##### Information supplied
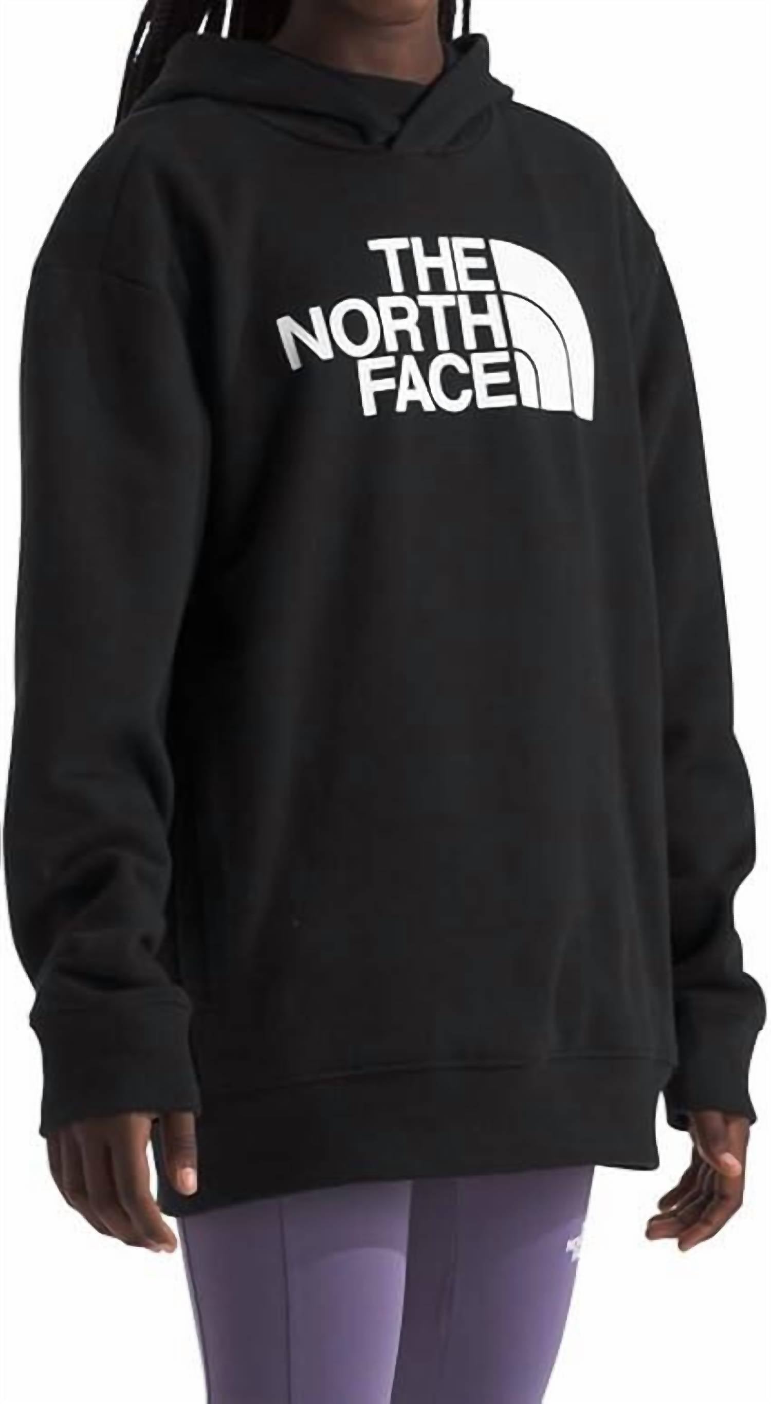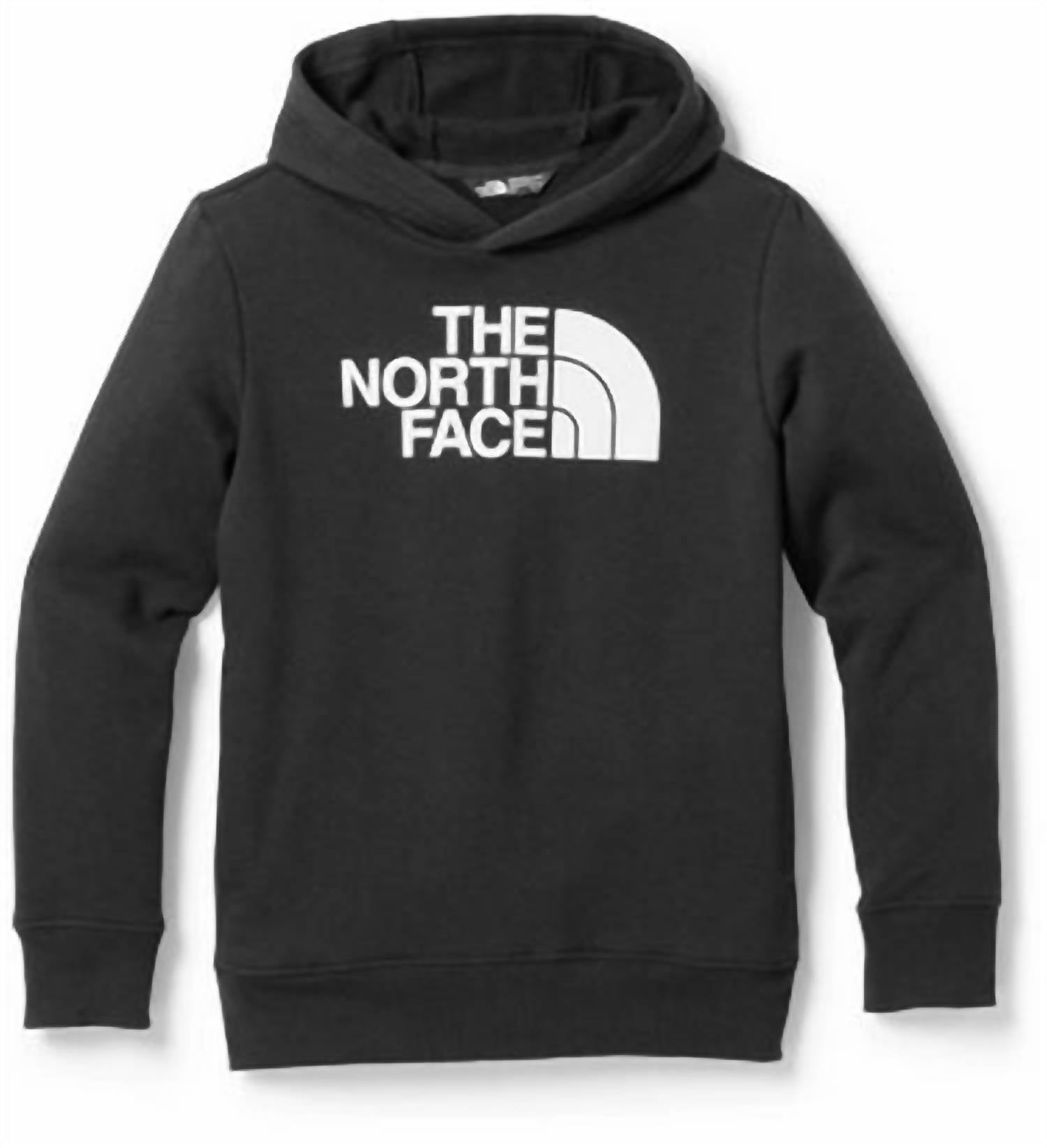 Discover ultimate comfort with THE NORTH FACE Half Dome Camp Fleece Pullover Hoodie, perfect for your adventure-seeking girl. This cotton blend hoodie, crafted from 73% recycled climate-conscious cotton and 27% recycled polyester, offers warmth and sustainability in one. Its black and white graphic design makes it a stylish choice for fall travel. Easy to maintain, simply machine wash it to keep it fresh and ready for the next outing.
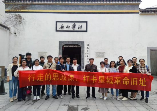 为更好地开展中国近现代史纲要课教学,进一步加强纲要课程的学术研究和实践探索,11月8日,一场别开生面的集体备课——打卡星城革命旧址的活动如期进行。纲要教研中心20余位教师参加了此次“都市行走”的教学实践活动,督导专家荣复康老师也参加了此次活动。本次活动以“革命”为主线,力图发掘在烽火连天的革命岁月中留存下来的历史遗迹,回望历史,感悟历史,从革命史中汲取前行的力量。
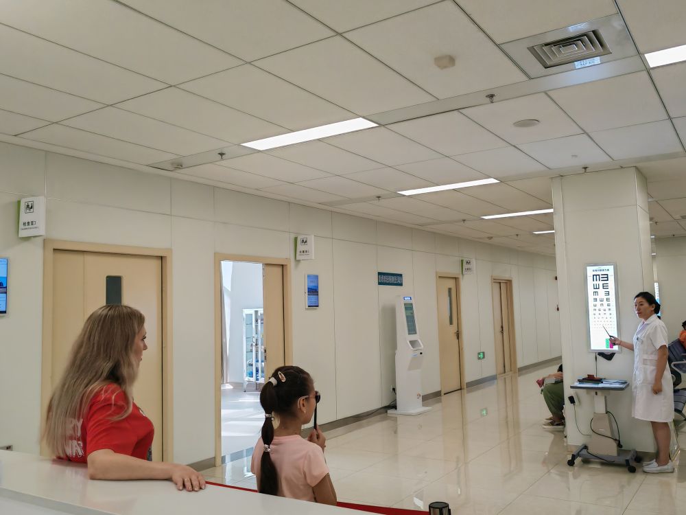 除了牙科,来看眼科的俄罗斯人也不少。在黑河市第一人民医院,一个俄罗斯孩子正在医护人员的指导下,使用视力测试表测试视力。“这里的医疗条件更好,设备更先进,我们此行是来复查视力的。”孩子母亲说。
##########
• _Your assignment_: When you retype the material above, keep every word exact and drop the images.

• _Result for this task_:
 Discover ultimate comfort with THE NORTH FACE Half Dome Camp Fleece Pullover Hoodie, perfect for your adventure-seeking girl. This cotton blend hoodie, crafted from 73% recycled climate-conscious cotton and 27% recycled polyester, offers warmth and sustainability in one. Its black and white graphic design makes it a stylish choice for fall travel. Easy to maintain, simply machine wash it to keep it fresh and ready for the next outing.
 为更好地开展中国近现代史纲要课教学,进一步加强纲要课程的学术研究和实践探索,11月8日,一场别开生面的集体备课——打卡星城革命旧址的活动如期进行。纲要教研中心20余位教师参加了此次“都市行走”的教学实践活动,督导专家荣复康老师也参加了此次活动。本次活动以“革命”为主线,力图发掘在烽火连天的革命岁月中留存下来的历史遗迹,回望历史,感悟历史,从革命史中汲取前行的力量。
 除了牙科,来看眼科的俄罗斯人也不少。在黑河市第一人民医院,一个俄罗斯孩子正在医护人员的指导下,使用视力测试表测试视力。“这里的医疗条件更好,设备更先进,我们此行是来复查视力的。”孩子母亲说。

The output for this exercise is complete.